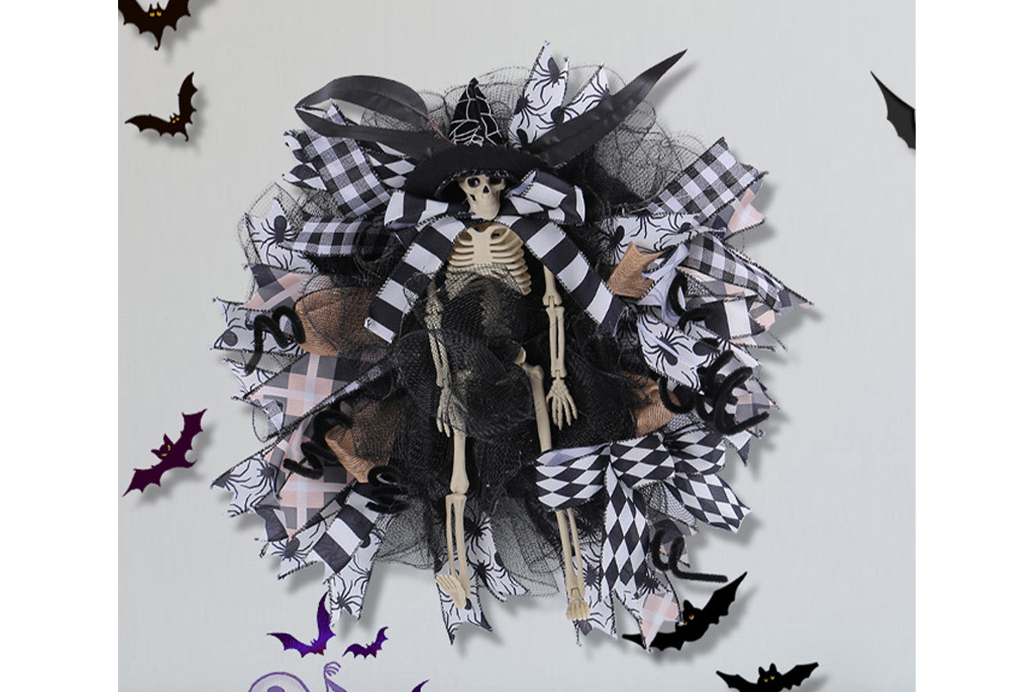 **Halloween Witch Hat Skull Mesh Garland | Scary Ribbon Door Decoration**
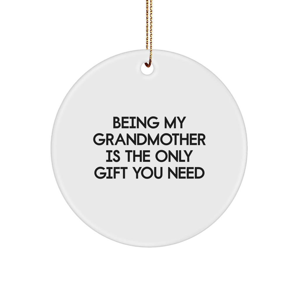 - The 'Being My Grandmother Is The Only Gift You Need' Circle Ornament is a beautifully designed gift that makes a great addition to any home. The vibrant colors and festive design make it a perfect fit for the Christmas season. This gift is perfect for Grandmothers, Mothers, and any woman who loves to be celebrated.
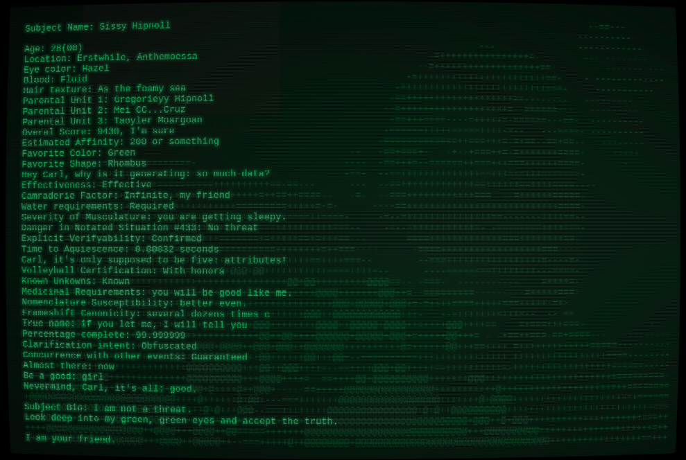 Subject Bio: I am not a threat. Look deep into my green, green eyes and accept the truth. I am your friend.
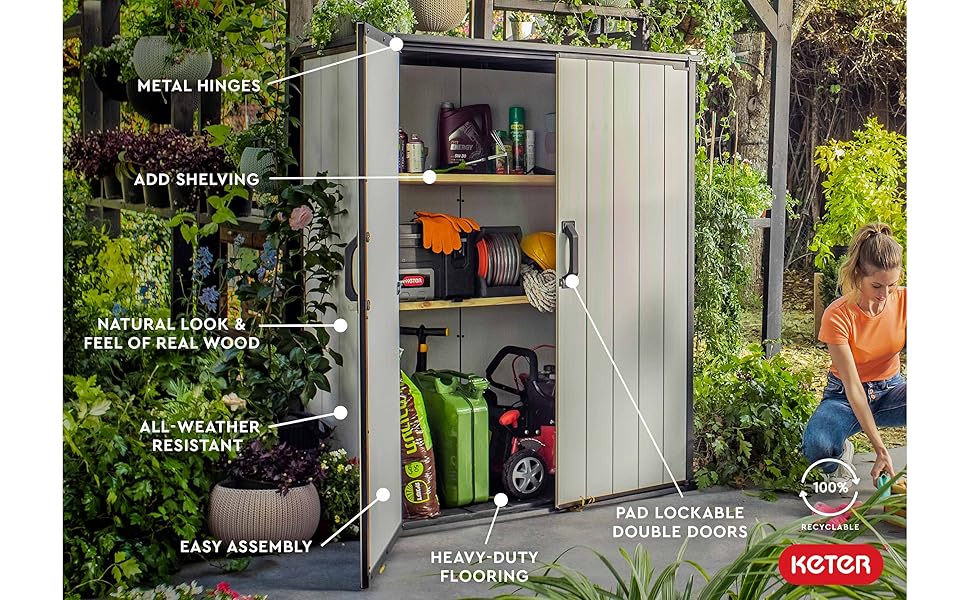 Weather-resistant polypropylene resin construction prevents rusting. peeling. fading. and denting - unlike real wood. Made with 100% recyclable materials. at Keter. sustainable and durable solutions are at the core of what we do.

####################

> [Exercise]
The answer must be an exact copy of the lines from the one that holds "- The 'Being" through the end of the data, both included, with no pictures.

> [Answer space]
 - The 'Being My Grandmother Is The Only Gift You Need' Circle Ornament is a beautifully designed gift that makes a great addition to any home. The vibrant colors and festive design make it a perfect fit for the Christmas season. This gift is perfect for Grandmothers, Mothers, and any woman who loves to be celebrated.
 Subject Bio: I am not a threat. Look deep into my green, green eyes and accept the truth. I am your friend.
 Weather-resistant polypropylene resin construction prevents rusting. peeling. fading. and denting - unlike real wood. Made with 100% recyclable materials. at Keter. sustainable and durable solutions are at the core of what we do.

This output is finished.